One-step model of photoemission for non-local potentials

TL;DR

This paper reformulates the one-step photoemission model to include non-local, complex, and energy-dependent potentials, enabling the incorporation of many-body self-energy corrections for more accurate surface electronic structure analysis.

Contribution

It introduces a Dyson-equation-based approach within muffin-tin orbitals to generalize the one-step model for non-local potentials, extending its applicability.

Findings

Allows distinction between bare photocurrent and secondary effects.

Enables inclusion of self-energy corrections from many-body calculations.

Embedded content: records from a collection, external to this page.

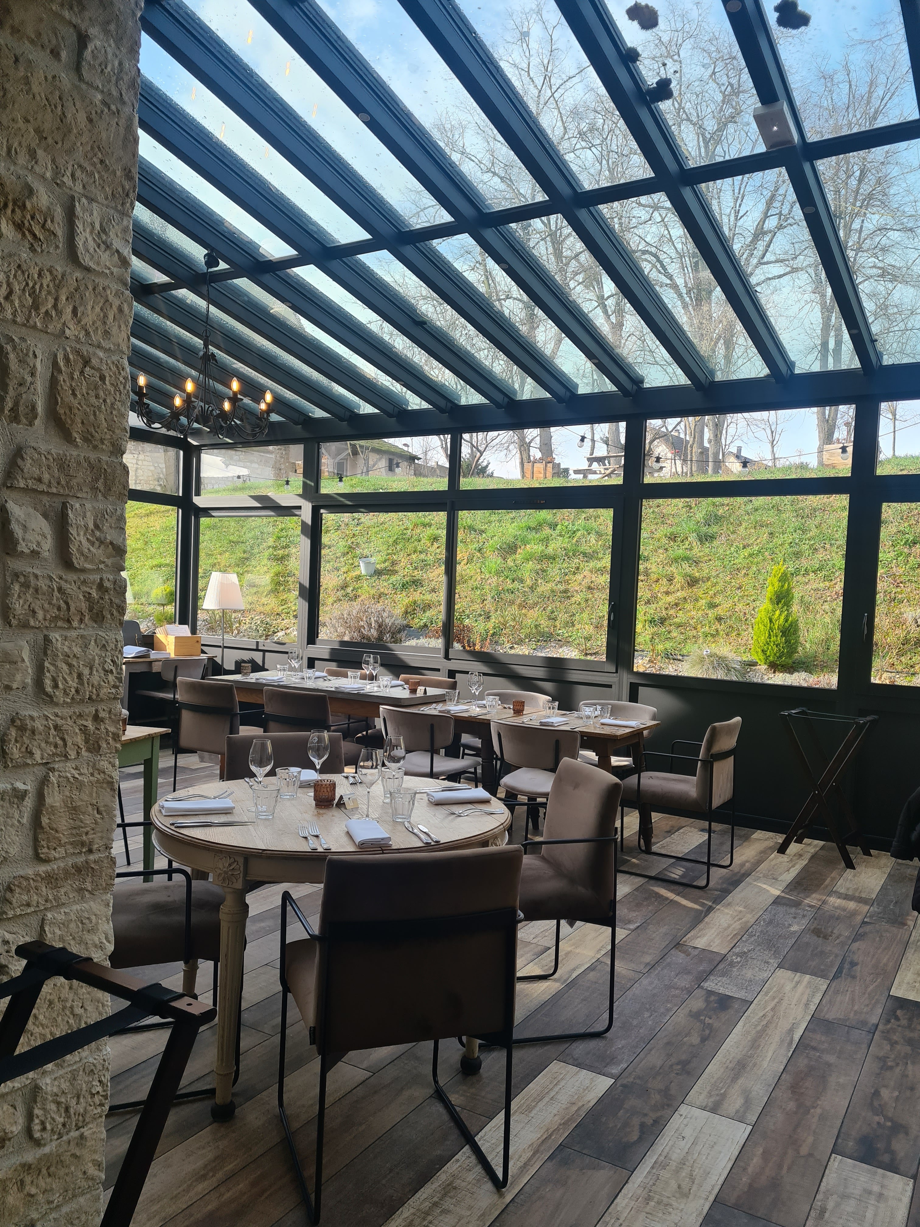 Restaurant très agréable et chaleureux. La verrière , malgré le temps pluvieux, était un endroit parfait pour le déjeuner. Et dans l'assiette ... Des produits frais, bien cuisinés et de saison. Des assiettes joliment présentées et copieuses. Un service discret mais sympathique. Nous reviendrons !
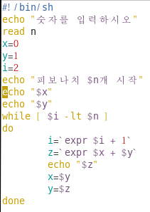 3) "let" 또는 "expr" 명령을 사용하여 피보나치 수열을 나타내는 쉘 스크립트를 작성하시오.
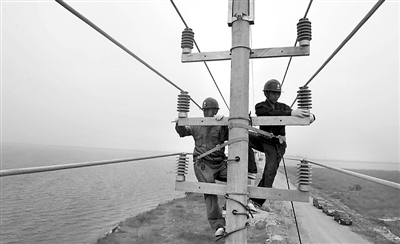7月7日,山东潍坊电网的工人冒着炎热酷暑在检修线路。近年来,随着潍坊加大沿海开发力度,大批新项目落户,用电需求大幅增加,潍坊供电公司加强现场勘查,并实行一对一跟踪服务,为潍坊沿海区域的经济发展提供充足的电能供应。本报记者 许之丰 摄
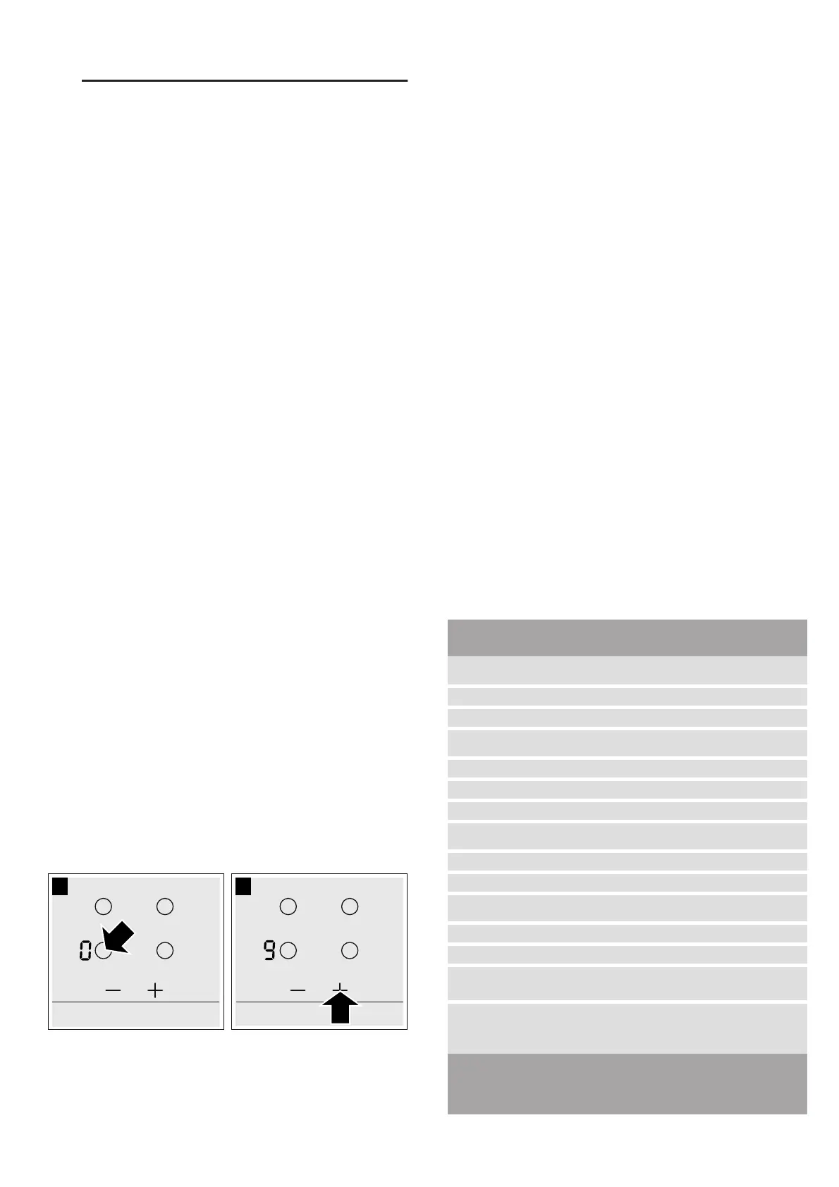 einstellen. In der Tabelle finden Sie Kochstufen und
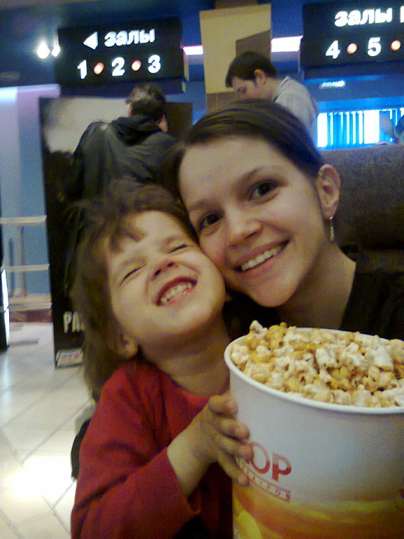 первый раз был удачный, Сашка досидела до конца, поклевала поп-корн и вышла счастливая, жаль, что мультиков нашего возраста очень мало в прокате((
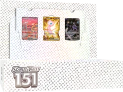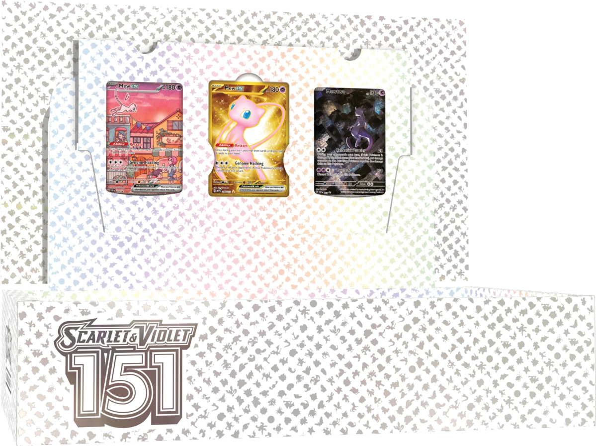 The Mythical Pokémon Mew holds many secrets of the Pokémon world, and usually only the luckiest of Trainers encounter it. But now you can add it to your own Pokédex along with even more Kanto Pokémon inside a bounty of booster packs from the Scarlet & Violet—151 expansion! Mew ex appears here as both playable and collectible metal cards, and you’ll also find a beautifully illustrated promo card featuring Mewtwo, a durable playmat and deck box, and more.
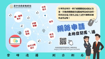 臺中市政府地政局已開放網路申請土地登記,讓民眾以網路替代馬路~

Provides a revised transition-matrix framework for non-local potentials.

Abstract

The one-step model of valence-band photoemission and inverse photoemission from single-crystal surfaces is reformulated for generalized (non-local, complex and energy-dependent) potentials. Thereby, it becomes possible to account for self-energy corrections taken from many-body electronic-structure calculations. The original formulation due to Pendry and co-workers employs the KKR multiple-scattering theory for the calculation of the initial state. This prevents a straightforward generalization of the one-step model to non-local potentials. We therefore consider the Dyson equation which is set up within a muffin-tin-orbitals representation as an alternative to obtain the initial-state Green function. This approach requires a revision of the transition-matrix elements which is carried out in detail. The final state is considered as a time-reversed LEED state as usual. The proposed generalization of the one-step model allows to distinguish between the bare photocurrent reflecting the (quasi-particle) band structure and the secondary effects due to the (dipole) selection rules and due to the wave-vector and energy dependence of the transition-matrix elements.